郑微不说话,就这么躺在床上。睁大眼睛看着他。

她的目光让林静觉得有些奇怪,“是不是有什么事?”

郑微抱着头坐了起来,“没事,可能是昨晚上着凉了,头有点疼。”

“难怪,电话里听你声音没精打采地,脾气又特别坏,药找到了吧,我上次不是跟你说过都放在药箱里了吗。”

她随口说。“有吗?我不记得了。你开完会了?”

林静说,“整天文山会海的。下了班还开个不停。也没有什么重要的事,我就回来了。那边有我路上买地馄饨。我记得你一生病就喜欢吃这个。”

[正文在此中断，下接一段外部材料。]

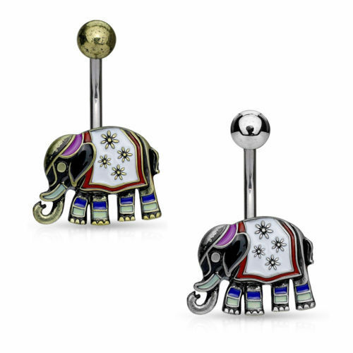 1pc Enamel Antique Plated Elephant Belly Button Ring Pierced Navel Naval
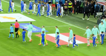 双方球员步入球场,比赛即将打响
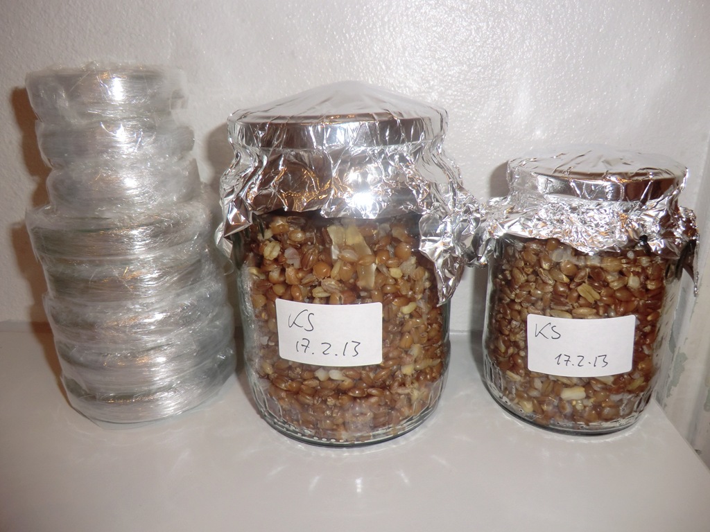 Allen Rest hab ich in zwei Gläser verteilt. Sicher 1/4 Petri mit Myzelagar auf ein Glas.

他把还冒着热气的馄饨拿了过来,看见她低头,眼睛红红的样子,伸手就去揉她的头发,“不想吃?”

“我不饿,林静……”

“嗯。”他应了一声,却不见她说出下文,就笑了起来,“你这个样子让我心里有些发毛。”

郑微用手理了理自己地头发,突然就精神了起来,“我现在头不疼了。林静,你帮我做件事好不好?”

林静摸了摸下巴,“我可不可以先知道是什么事?”

“不会要你上刀山下火海,不用怕。”她指了指对面的衣柜,“你穿上那套制服给我看看行吗?”

林静说,“你又怎么知道我害怕地是上刀山下火海?哪套制服?我上次从干洗店拿回来放在你这里那套?”

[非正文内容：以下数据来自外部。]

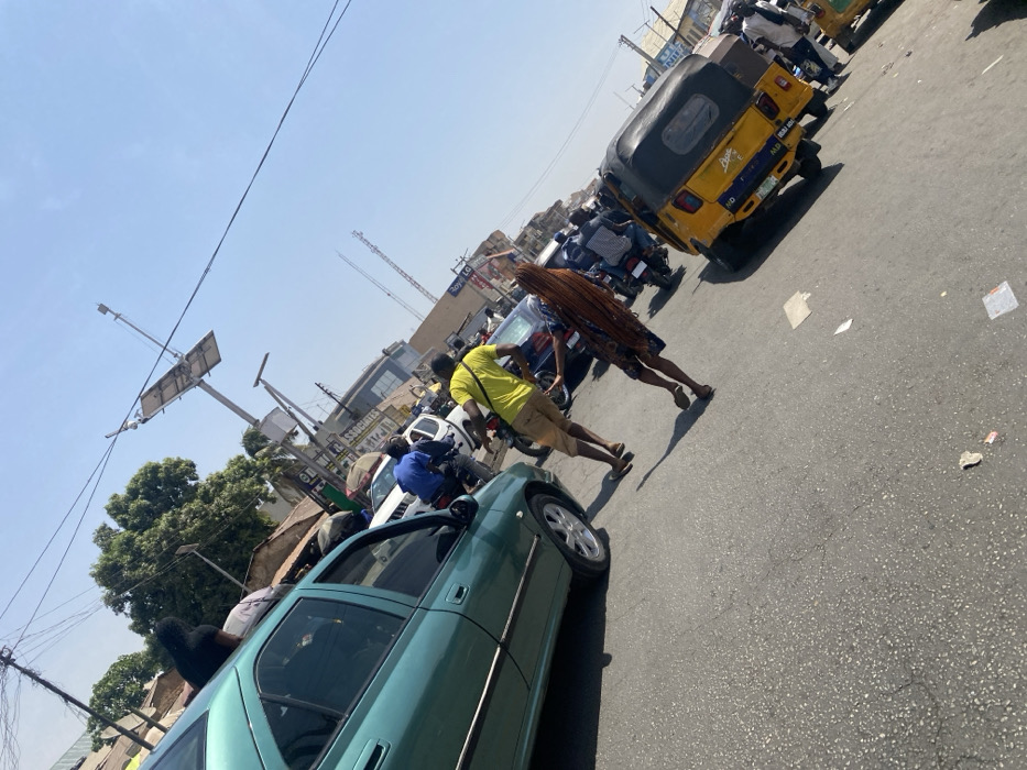 The scene depicts a busy, sunlit urban street in Maiburiji, Nigeria. The asphalt road, showing cracks and scattered debris, is populated by a mix of vehicles and pedestrians. On the left, a dark teal sedan, possibly a Peugeot 406 model, is stationary or moving slowly. A person is seated or lying partially on the roof of this vehicle, which also carries luggage. In the mid-ground, two individuals are walking on the roadway, seen from behind. One person wears a yellow t-shirt, brown shorts, and flip-flops. Adjacent is another individual with very long, reddish-brown braided hair, wearing a patterned dress, also in flip-flops. Both individuals appear to be in mid-stride or gesturing. Further down the road to the right, a yellow motorized tricycle (keke Napep) is visible amidst other vehicles, including several motorcycles and at least one white car. Pedestrians are intermingled with the traffic. Overhead, numerous utility lines crisscross a bright, clear blue sky. Tall poles support streetlights, one featuring a large solar panel array. Buildings line the street in the background, some displaying partial signage such as "ASSOCIATES" and "Royal LG". A tall, thin structure, possibly a communication tower or crane, is visible in the distant background. Strong shadows across the pavement indicate bright sunlight.

郑微点头,笑着推他,“快点,穿给我看,别那么多废话。”

“这有什么好看的?”林静摇头,不过还是从衣柜里把制服拿了出来,“现在穿?你又打什么主意?”

郑微抱着枕头盘腿坐在床上,歪着头笑道,“你难道没有听说‘制服的诱惑’?”

林静差点都跟不上她的跳跃思维,愣了一下,就开始微笑。“这有什么难?”

郑微看着他解开身上衣扣,脱去上衣,换上蓝色的制服,还不忘指手画脚地说,“裤子!裤子!都换上。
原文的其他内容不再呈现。